Items listed in a dataset
== Segment start ==
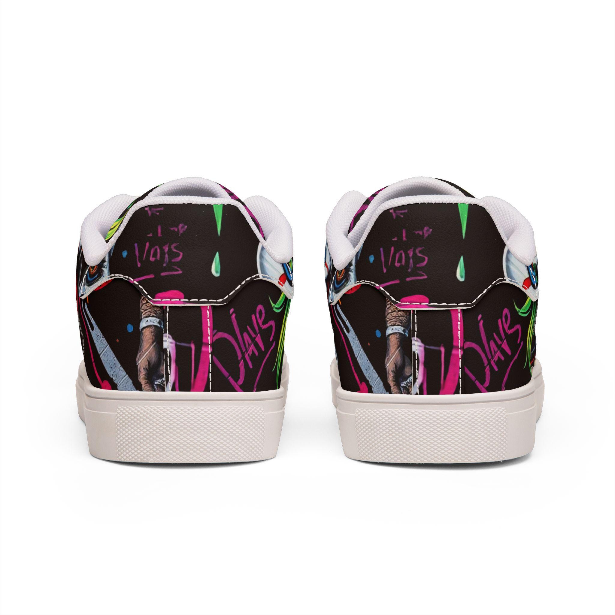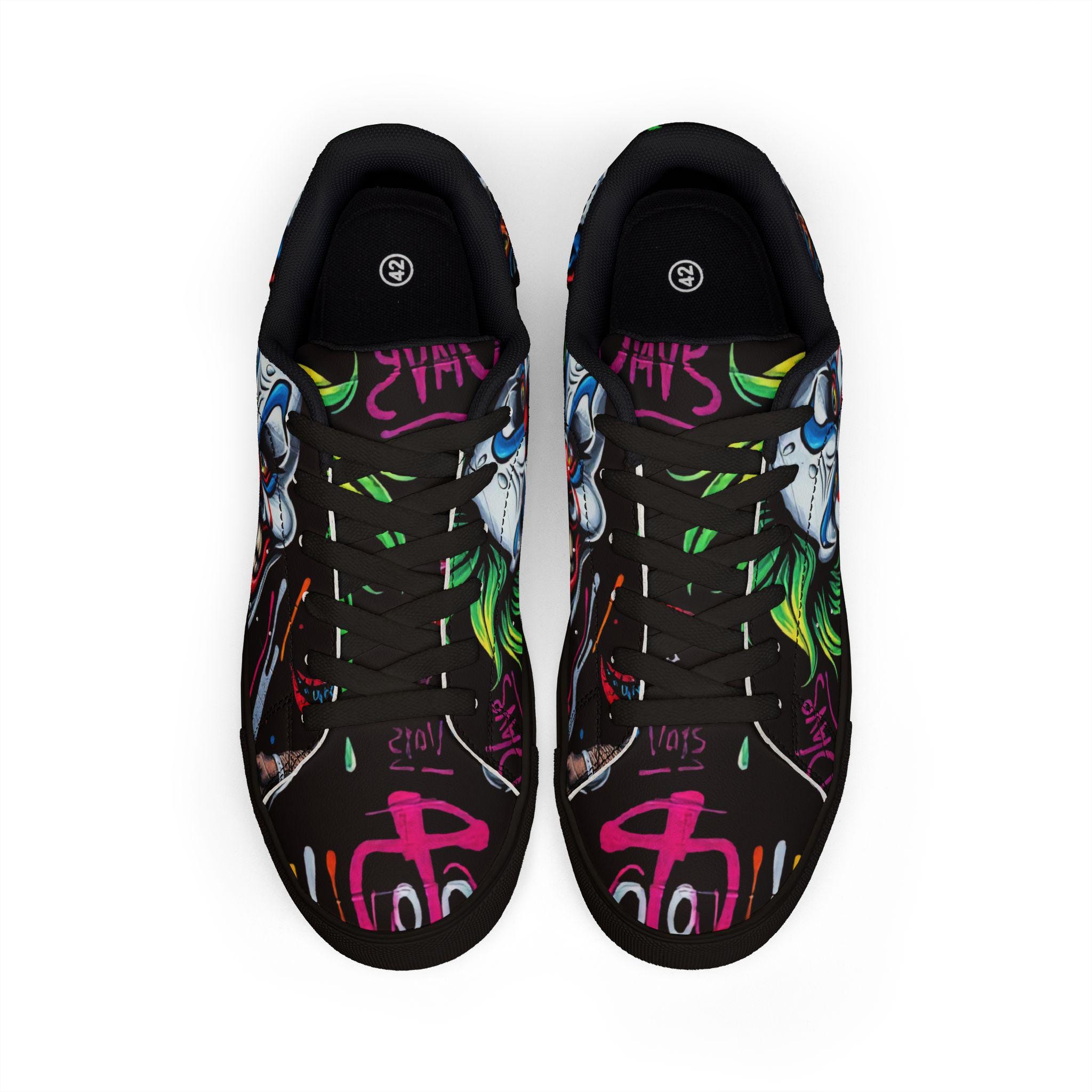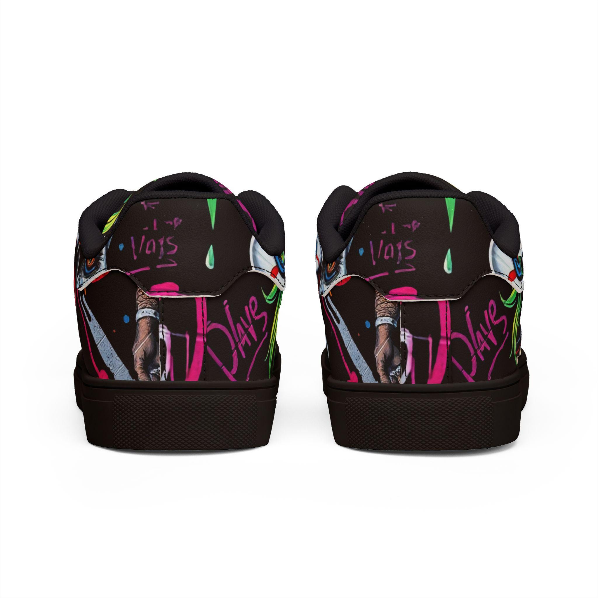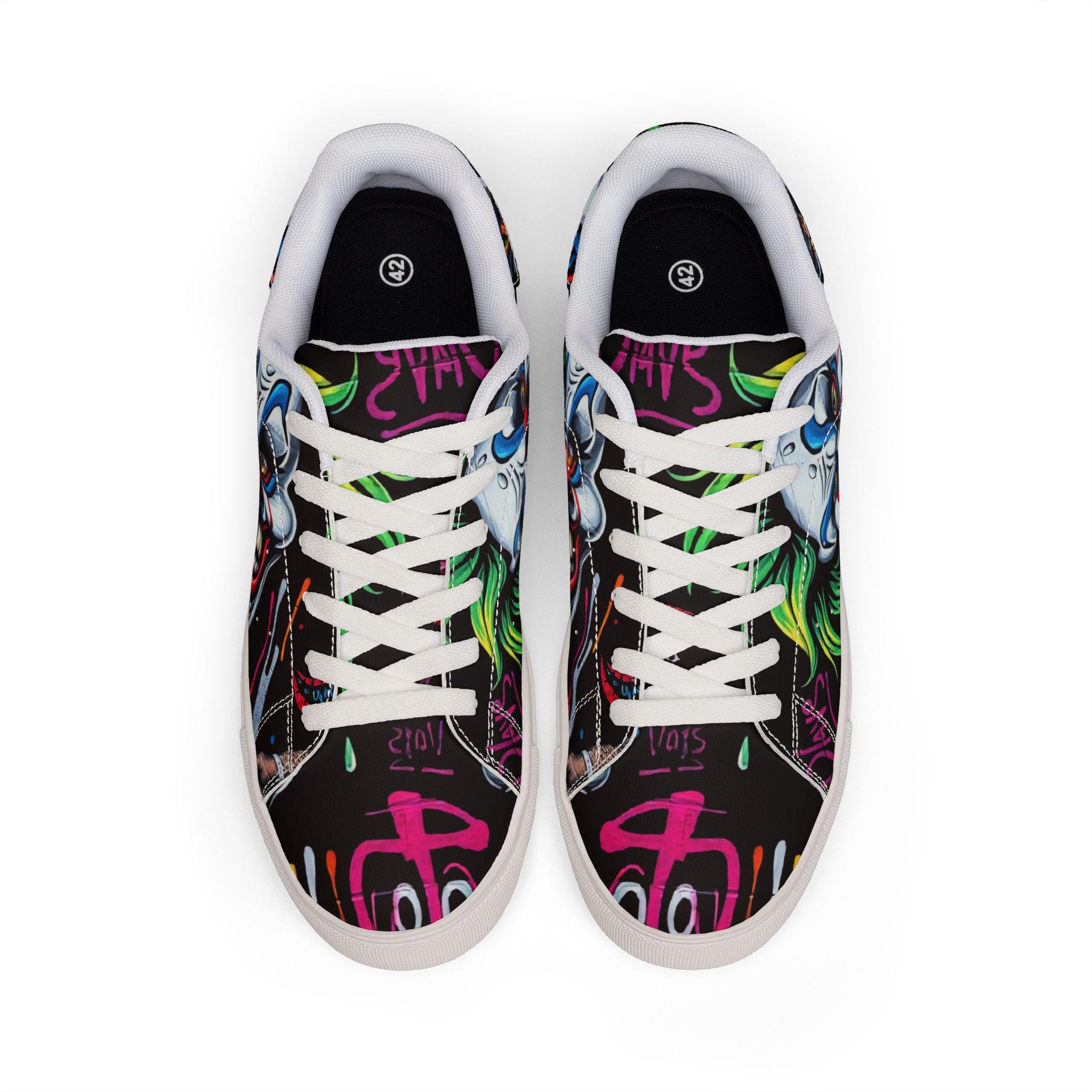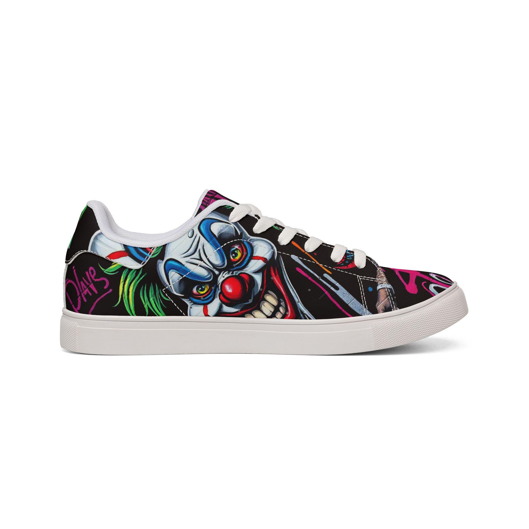 These low-top leather sneakers bring street energy to every step. The bold, graffiti-style clown artwork wraps the upper in neon pinks, greens, and electric blues against a deep black background, making each stride feel like part of a midnight urban canvas. Lightweight microfiber leather keeps the silhouette sleek while giving the look and feel of genuine leather. A cushioned EVA midlayer and grippy rubber outsole absorb impact and hold steady from pavement to skatepark. Lace-up closure locks the foot in place for confident movement. Wear them to late-night shows, art runs, or any day you want footwear that speaks louder than words.
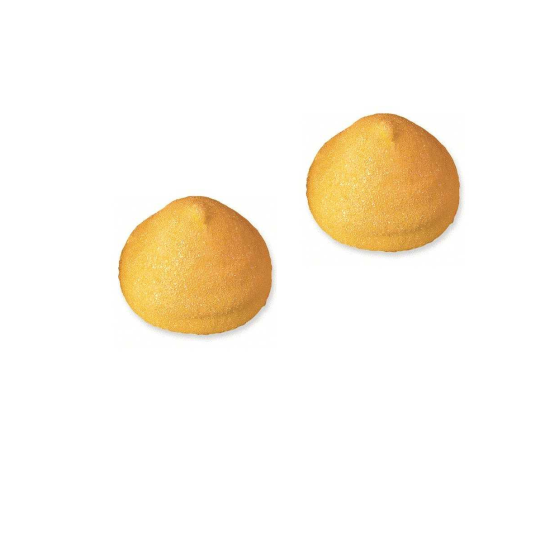 Orange Peach Golf Balls are soft, melt-in-your-mouth marshmallow balls with a light coating of sugar. These marshmallows are perfect for candy cakes and birthday skewers.
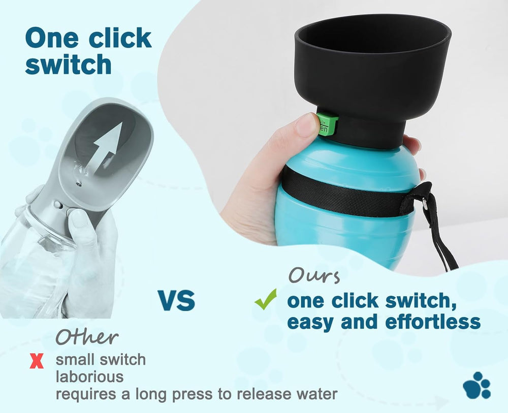 Integrovaný design v tvare fľaše + miska na vodu. Skladací uzáver sa po rozložení stane miskou na vodu. Vyhnite sa jazernej vode a verejným miskám na vodu, aby ste svojmu miláčikovi dali vždy čerstvú vodu. Fľaša je vyrobená z odolných, ale ľahkých materiálov, čo zaisťuje ľahké prenášanie.
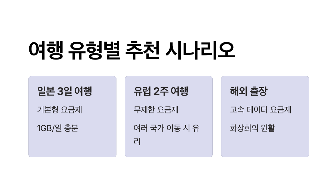 여행 일정과 목적이 다르면 필요한 데이터도 다릅니다. 아래는 여행자 유형별로 가장 효율적인 와이파이도시락 요금제를 추천한 예시입니다.
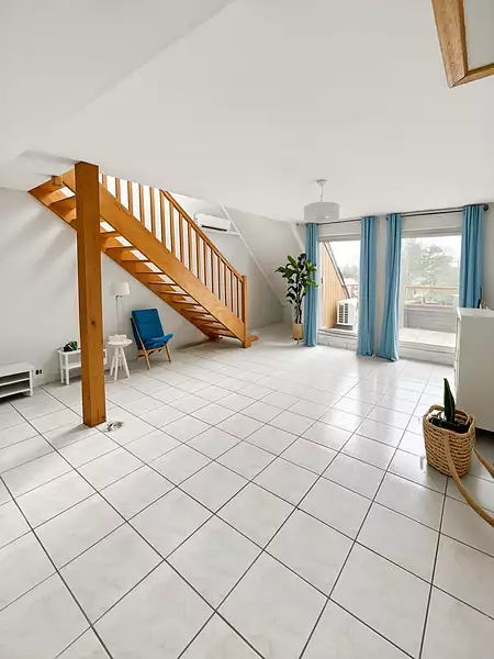 Ce duplex lumineux occupe le 1er et dernier étage d'une résidence bien entretenue et sans travaux.
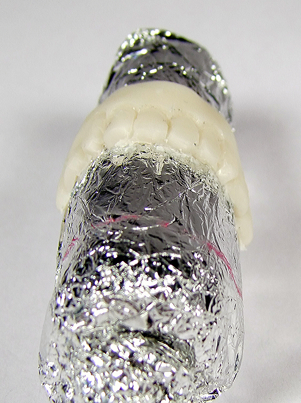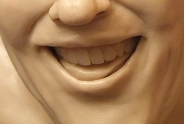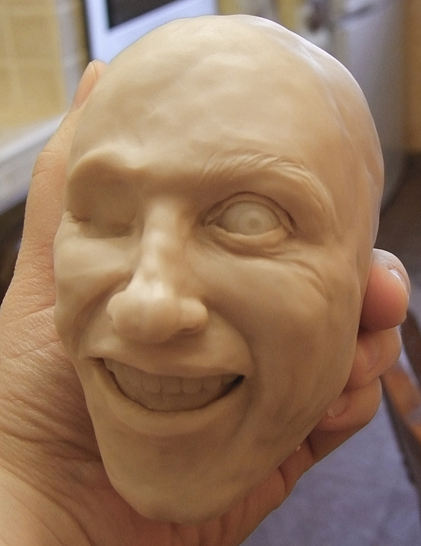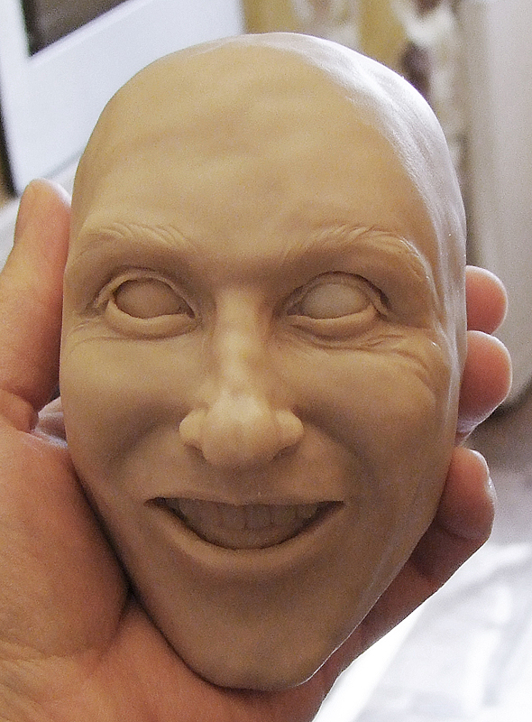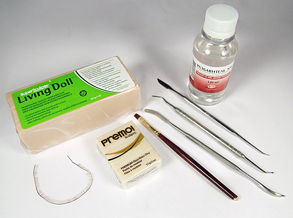 ГоловаТеперь перехожу к "мягким тканям" головы. Для работы над первым этапом по созданию куклы мне понадобятся: ![]() Как бы не была велика ваша фантазия, всегда есть опасность «синдрома замыленности глаза». Наверное многие из читателей уже замечали, что некоторые авторы, сосредотачиваясь на абстрактных образах, начинают повторяться. Сперва отдельными чертами, затем полностью повторяя лица от работы к работе. В какой-то момент, зритель начинает замечать сходство черт таких кукол с чертами ... самого автора :) Есть замечательное средство от такой напасти — брать за основу не выдуманное лицо, а лицо реально существующего человека. Для этого, вы должны постоянно собирать фотографии людей. Увидели в интернете колоритную физиономию — сразу в свою копилку. Пройдет какое-то время и именно эта физиономия отлично подойдет для новой работы :) Пластик необходимо ТЩАТЕЛЬНО размять! Постепенно облепляю пластиковыми лепешками (толщиной около 3-4мм) весь «череп». ![]() Понемногу добавляя пластик, я формирую сначала половину лица, стараясь добиться задуманного выражения... ![]() ... а потом долепливаю вторую половину. ![]() В глазницы вставляю Premo (это будущие белки глаз) и обрамляю глаза ресницами. Для этого от ленты ресниц отрезаю кусочек нужного размера, прикладываю к веку (слегка вдавливая), а сверху закрываю тоненькой «колбаской» из пластика. Слепив голову, я поняла, что «промахнулась» с верхней челюстью. Она получилась слишком широкая и выглядит неестественно. Визуально оценив нужный размер челюсти, я сформировала из фольги основу с нужным радиусом и при помощи инструментов слепила новую десну с зубами из Premo. ![]() Поместив заготовку из фольги с новыми зубами в духовку, произвела полноценный обжиг пластика (30 минут при температуре 115°С). ![]() Раскурочив почти весь рот, заменила старую десну с зубами на новую. ![]() Теперь результат меня устраивает!
== Segment end ==
Each line from the first line of the data above through the one containing "Ce duplex lumineux" must be set down exactly; the pictures must not be.

■ ANSWER TO THE PROBLEM
 These low-top leather sneakers bring street energy to every step. The bold, graffiti-style clown artwork wraps the upper in neon pinks, greens, and electric blues against a deep black background, making each stride feel like part of a midnight urban canvas. Lightweight microfiber leather keeps the silhouette sleek while giving the look and feel of genuine leather. A cushioned EVA midlayer and grippy rubber outsole absorb impact and hold steady from pavement to skatepark. Lace-up closure locks the foot in place for confident movement. Wear them to late-night shows, art runs, or any day you want footwear that speaks louder than words.
 Orange Peach Golf Balls are soft, melt-in-your-mouth marshmallow balls with a light coating of sugar. These marshmallows are perfect for candy cakes and birthday skewers.
 Integrovaný design v tvare fľaše + miska na vodu. Skladací uzáver sa po rozložení stane miskou na vodu. Vyhnite sa jazernej vode a verejným miskám na vodu, aby ste svojmu miláčikovi dali vždy čerstvú vodu. Fľaša je vyrobená z odolných, ale ľahkých materiálov, čo zaisťuje ľahké prenášanie.
 여행 일정과 목적이 다르면 필요한 데이터도 다릅니다. 아래는 여행자 유형별로 가장 효율적인 와이파이도시락 요금제를 추천한 예시입니다.
 Ce duplex lumineux occupe le 1er et dernier étage d'une résidence bien entretenue et sans travaux.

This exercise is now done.